Scenario: A Slow Orders List

Imagine an e-commerce app with an orders table and an order_items table. The UI needs:

  • Filter by status
  • Filter by customer
  • Sort by newest
  • Paginate
  • Show total item count per order

Here’s a typical first attempt:

-- Slow query (common first draft) SELECT o.id, o.customer_id, o.status, o.created_at, (SELECT COUNT(*) FROM order_items oi WHERE oi.order_id = o.id) AS items_count FROM orders o WHERE o.status = 'paid' AND o.customer_id = 123 ORDER BY o.created_at DESC LIMIT 20 OFFSET 2000;

This can get slow for two main reasons:

  • OFFSET forces MySQL to scan/skip many rows.
  • The correlated subquery (counting items per row) can execute many times.

Step 1: Get the Table Shapes Right (and Data Types)

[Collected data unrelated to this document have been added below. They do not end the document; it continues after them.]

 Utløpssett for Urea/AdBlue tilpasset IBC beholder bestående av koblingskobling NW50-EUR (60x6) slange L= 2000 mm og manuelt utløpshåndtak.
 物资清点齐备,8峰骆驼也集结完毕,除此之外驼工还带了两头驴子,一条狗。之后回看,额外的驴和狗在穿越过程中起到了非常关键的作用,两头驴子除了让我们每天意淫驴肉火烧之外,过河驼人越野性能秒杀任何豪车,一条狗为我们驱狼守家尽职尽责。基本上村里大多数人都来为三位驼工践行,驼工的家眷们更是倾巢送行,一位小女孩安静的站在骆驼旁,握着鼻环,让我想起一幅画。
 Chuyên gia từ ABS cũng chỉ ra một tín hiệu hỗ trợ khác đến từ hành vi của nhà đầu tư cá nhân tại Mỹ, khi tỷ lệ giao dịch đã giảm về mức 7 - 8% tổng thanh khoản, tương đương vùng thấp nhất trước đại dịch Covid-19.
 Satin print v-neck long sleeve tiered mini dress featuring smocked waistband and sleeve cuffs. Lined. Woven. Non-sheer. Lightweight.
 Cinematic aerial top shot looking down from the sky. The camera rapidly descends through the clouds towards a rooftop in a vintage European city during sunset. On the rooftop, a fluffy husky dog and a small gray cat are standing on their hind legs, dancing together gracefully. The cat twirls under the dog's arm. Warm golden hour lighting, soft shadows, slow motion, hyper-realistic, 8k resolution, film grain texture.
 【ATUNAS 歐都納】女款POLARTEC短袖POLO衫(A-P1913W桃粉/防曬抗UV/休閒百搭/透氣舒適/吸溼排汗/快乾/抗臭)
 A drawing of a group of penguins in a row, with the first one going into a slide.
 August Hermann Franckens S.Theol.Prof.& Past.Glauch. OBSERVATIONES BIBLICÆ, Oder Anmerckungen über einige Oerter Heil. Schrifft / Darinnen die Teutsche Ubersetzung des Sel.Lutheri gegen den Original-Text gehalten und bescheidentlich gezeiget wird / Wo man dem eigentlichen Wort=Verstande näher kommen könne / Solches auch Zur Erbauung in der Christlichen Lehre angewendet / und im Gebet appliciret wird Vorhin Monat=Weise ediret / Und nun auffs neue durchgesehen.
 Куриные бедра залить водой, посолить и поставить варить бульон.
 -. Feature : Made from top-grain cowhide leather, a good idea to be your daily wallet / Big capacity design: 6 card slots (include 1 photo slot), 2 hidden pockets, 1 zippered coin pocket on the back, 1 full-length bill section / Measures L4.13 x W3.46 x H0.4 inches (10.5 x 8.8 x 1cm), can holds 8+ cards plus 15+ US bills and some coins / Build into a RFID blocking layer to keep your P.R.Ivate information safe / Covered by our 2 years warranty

Before indexes, make sure columns have sensible types. Example schema:

CREATE TABLE orders ( id BIGINT UNSIGNED PRIMARY KEY AUTO_INCREMENT, customer_id BIGINT UNSIGNED NOT NULL, status VARCHAR(32) NOT NULL, created_at DATETIME(3) NOT NULL, total_cents INT UNSIGNED NOT NULL, -- ... other fields ... KEY idx_orders_customer_status_created (customer_id, status, created_at, id) ) ENGINE=InnoDB; CREATE TABLE order_items ( id BIGINT UNSIGNED PRIMARY KEY AUTO_INCREMENT, order_id BIGINT UNSIGNED NOT NULL, sku VARCHAR(64) NOT NULL, qty INT UNSIGNED NOT NULL, KEY idx_order_items_order_id (order_id), CONSTRAINT fk_order_items_order FOREIGN KEY (order_id) REFERENCES orders(id) ) ENGINE=InnoDB;

Notes:

  • BIGINT UNSIGNED for IDs scales well and indexes efficiently.
  • DATETIME(3) is optional but nice if you store milliseconds.
  • The composite index on orders is deliberate (we’ll explain why next).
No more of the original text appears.